Extracorporeal membrane oxygenation
Extracorporeal membrane oxygenation (ECMO) is used as a modified pulmonary or cardiopulmonary bypass technique in those with severe cardiac and/or respiratory failure refractory to conventional ventilatory support and medical intervention 1,3. There are two access paths for extracorporeal life support (ECLS) cannulation, veno-arterial (VA) ECMO and veno-venous (VV) ECMO, which can be performed via surgical cut down or percutaneous insertion.

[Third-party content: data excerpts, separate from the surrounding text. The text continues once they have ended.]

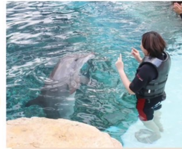
イルカと触れ合いタイム♪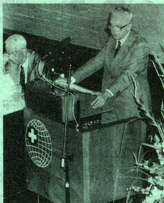
El Consejero Federal León Schlumpf, que se retira a fin de año, se dirige a los suizos del extranjero.

El tema dominante de toda la asamblea plenaria fue el sistema de seguridad social y de seguro contra enfermedad vigente en Suiza, y diversos conferencistas, altamente calificados, informaron al auditorio sobre el mismo. Los participantes adoptaron una resolución sobre puntos precisos (ver recuadro) pero fueron también testigos de una iniciativa concreta e importante desde el punto de vista social: el Fondo de Solidaridad de los Suizos del Extranjero y la Sociedad suiza Grütli firmaron un convenio que ofrece a los suizos del extranjero la posibilidad de adherirse, mediante el pago de una prima medianamente modesta, a un seguro-riesgo que les permitirá, al regresar a Suiza, ser admitidos sin ninguna reserva en la caja de seguro contra enfermedad (ver editorial, página 3, así como el anuncio página 10). Otro punto importante de la asamblea plenaria fue, para todos los participantes, el discurso rebotante de espíritu y de ideas del Consejero Federal León Schlumpf, que se retira a fin de año: dio la bienvenida a los presentes en las cuatro lenguas nacionales.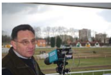
13. Au 1 er étage de la tour, la photo finish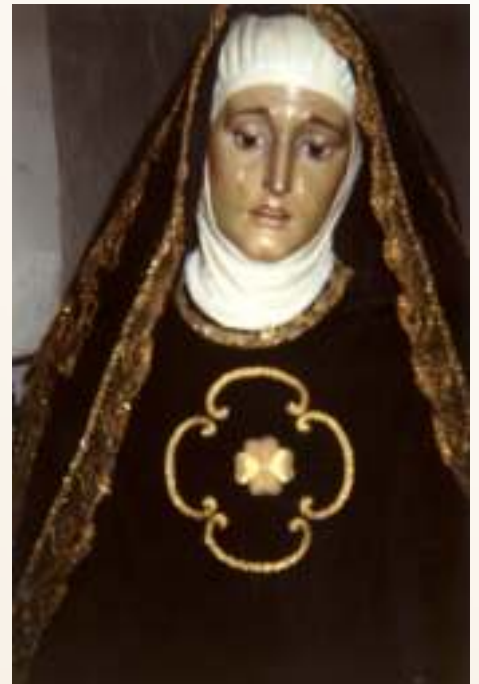
M a Stma. de la Piedad, año 1990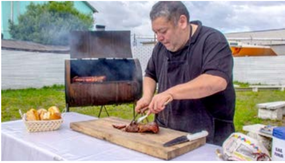
El Centro Cultural, Social y Político "Nueva Argentina" abre las inscripciones para el Primer Concurso de Asado en Chulengo.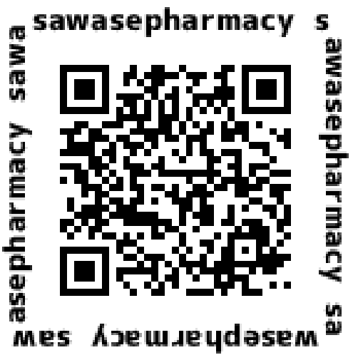
さわせ薬局公式サイト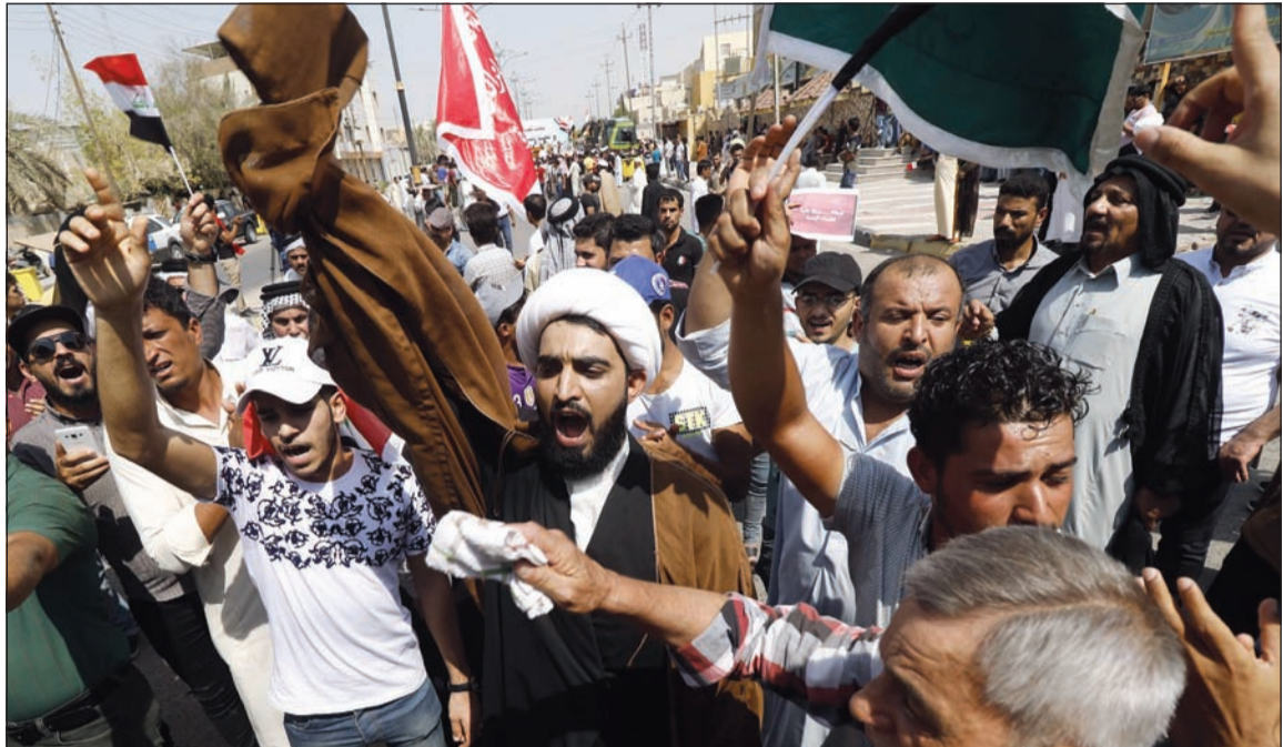
محتجون غاضبون يطلقون شعارات ضد الحكومة في مظاهرات البصرة أمس

عواصم - وكالات: تظاهر مئات العراقيين الغاضبين من الأوضاع المعيشية الصعبة وسوء الخدمات في عدة مناطق عراقية، فيما تعصف الخلافات بالأحزاب والكتل البرلمانية، لتتصاعد الكفة السياسية بعد 3 أشهر من الانتخابات التشريعية التي لم تسفر بعد عن تشكيل حكومة جديدة تلبى مطالب الغاضبين.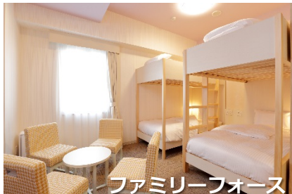
ファミリーフォース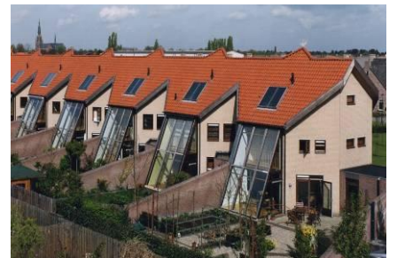
8 ECOLOGISCHE WONINGEN RIJEN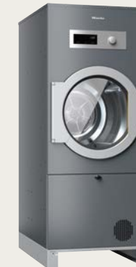
SlimLine Trockner PDR511 COP SL HP

Einfach QR-Code scannen und die passenden Geräte von Miele Professional entdecken. www.miele-professional.at/pro/self-service-products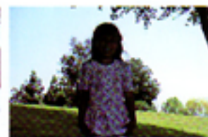
La maggior parte delle fotocamere lascia i volti in ombra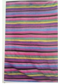
Resim 9: Palaz (Nahçıvan) Azerbaycan Halı Müzesi Kaynak: ( Muradov, 2013: 40,41)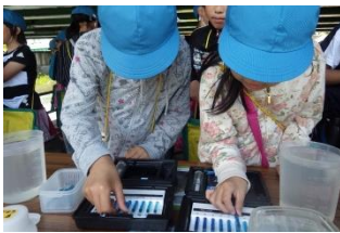
創成川と学校周辺を流れる川の水質を簡易測定キットを使って調べました。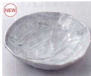
35-201-57 670円 青地刷毛目手折三ツ足平鉢 (16.5×4.5) 603520157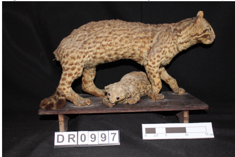
Figura 4 - Taxidermia de Gato maracajá antes da restauração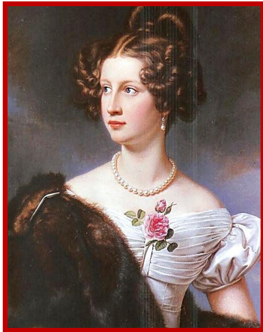
Шарлотта Александра Федоровна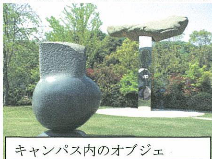
キャンパス内のオブジェ

日曜日以外は一般公開されているのがうれしい。毎年 11 月には文化祭も行われています。

The ECLS system, as VA ECMO, drains the blood from the right atrium via a femoral or internal jugular venous cannula or in patients with an open chest, directly from the right atrium. The blood is actively pumped through a membrane oxygenator, removing carbon dioxide and adding oxygen. Afterwards, the oxygenated blood is actively pumped into the arterial central system via a cannula placed in the femoral or subclavian artery (closed chest) or directly into the aorta. VA ECLS can provide full cardiopulmonary support with a high blood flow up to 6-7 L/min.
VV ECMO drains blood from the superior vena cava via an internal jugular venous cannula or inferior vena cava via a femoral venous cannula. The blood is pumped via the oxygenator back into the venous system via a femoral venous cannula. A double-lumen cannula, inserted in the internal jugular vein, can be used for venous drainage and return. VV ECMO can provide full or partial extracorporeal pulmonary support with blood flow up to 6 L/min.